Record set START
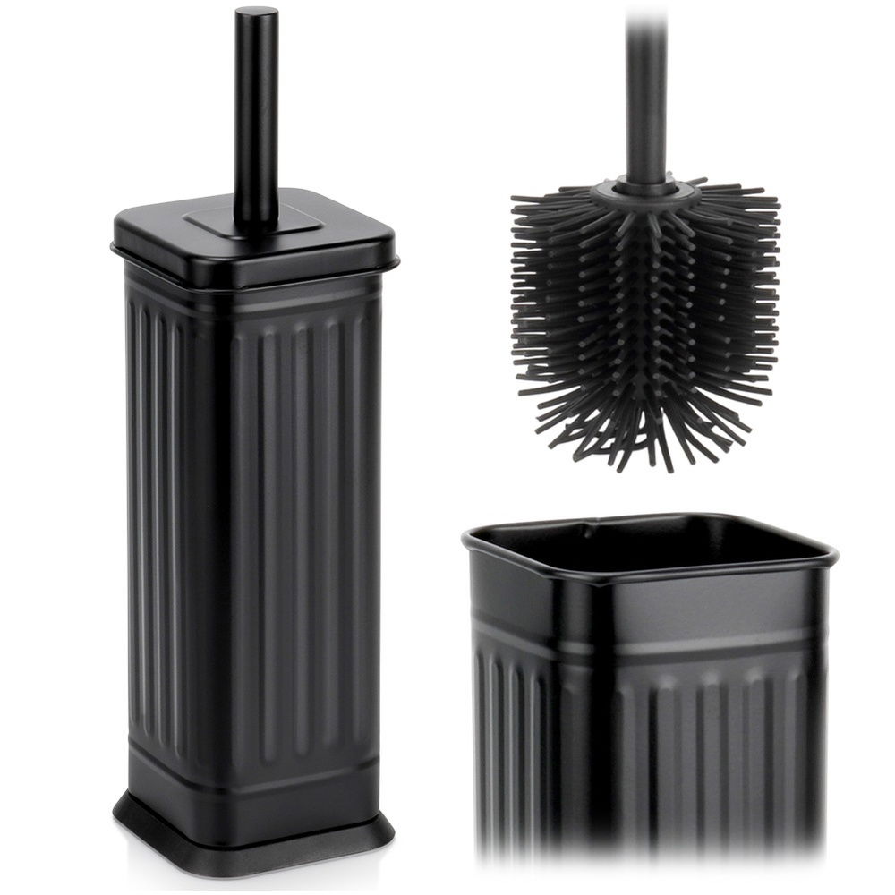 SZCZOTKA SILIKONOWA TOALETOWA WC POJEMNIK STOJAK OCIEKACZ CZARNA ŁAZIENKOWA
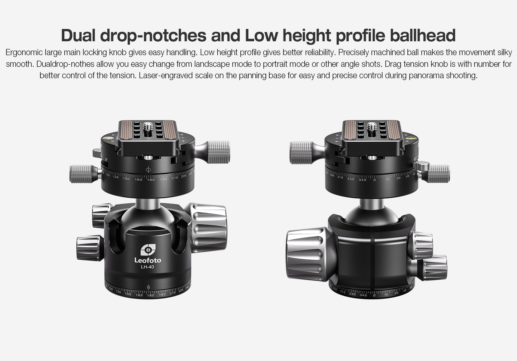 The Leofoto LH Series Ball Head is a great support solution in a small form factor for all general photography, and will give you fast and accurate control and solid support of your camera or lens. Aiming and horizon leveling can be accomplished as one instinctive motion, and rigid lockup takes just a quick twist of one control. Since the ball head profile is smaller and lacks the protruding handles, they are also much easier to carry and pack. These are no-nonsense heads with robust capacity, offering minimal weight and elegant simplicity. They excel as ground-level macro tools, but also as super light heads for backpacking, travel, and table top use. The head features a single ball locking knob while the panning base has a separate lock and is laser-engraved in 2.5-degree increments from 0-360 degrees for accurate repeatability.
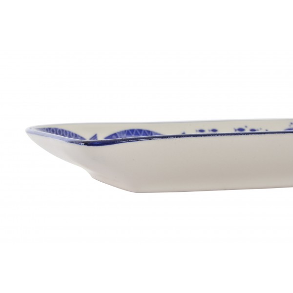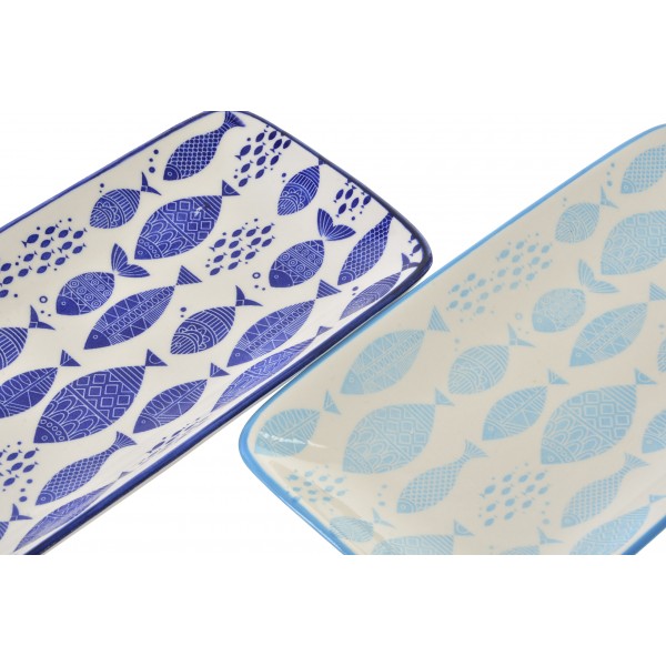 Set para aperitivos con bandejitas en forma de pez. Porcelana y madera de acacia.
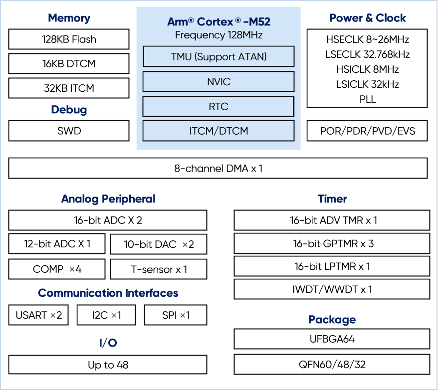 - LSECLK: 32.768kHz crystal/ceramic oscillator
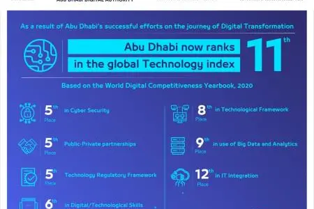 Abu Dhabi has reached advanced places in various indices related to digital transformation, ranking fifth in Cyber Security, Public-Private Partnerships, and Technology Regulatory Framework indices.
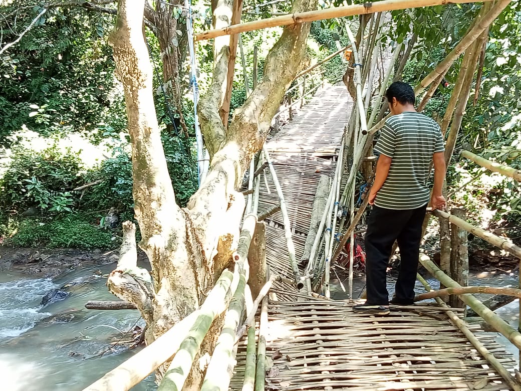 “Karena rusaknya jembatan tersebut rusak akibat diguyur hujan empat hari yang lalu, sehingga ketika anak-anak santri yang ingin mengaji ke Ponpes Tahfizd Quran Almapus harus bergelantungan, bahkan ada juga yang harus memutar dengan jarak yang lebih jauh lagi,” katanya.
Record set END
◆ **Assigned task**: For this exercise, the lines from the one containing "Set para aperitivos" through the last line of the entries above are to be output exactly, both included, and pictures are skipped.

◆ **Output for this exercise**:
 Set para aperitivos con bandejitas en forma de pez. Porcelana y madera de acacia.
 - LSECLK: 32.768kHz crystal/ceramic oscillator
 Abu Dhabi has reached advanced places in various indices related to digital transformation, ranking fifth in Cyber Security, Public-Private Partnerships, and Technology Regulatory Framework indices.
 “Karena rusaknya jembatan tersebut rusak akibat diguyur hujan empat hari yang lalu, sehingga ketika anak-anak santri yang ingin mengaji ke Ponpes Tahfizd Quran Almapus harus bergelantungan, bahkan ada juga yang harus memutar dengan jarak yang lebih jauh lagi,” katanya.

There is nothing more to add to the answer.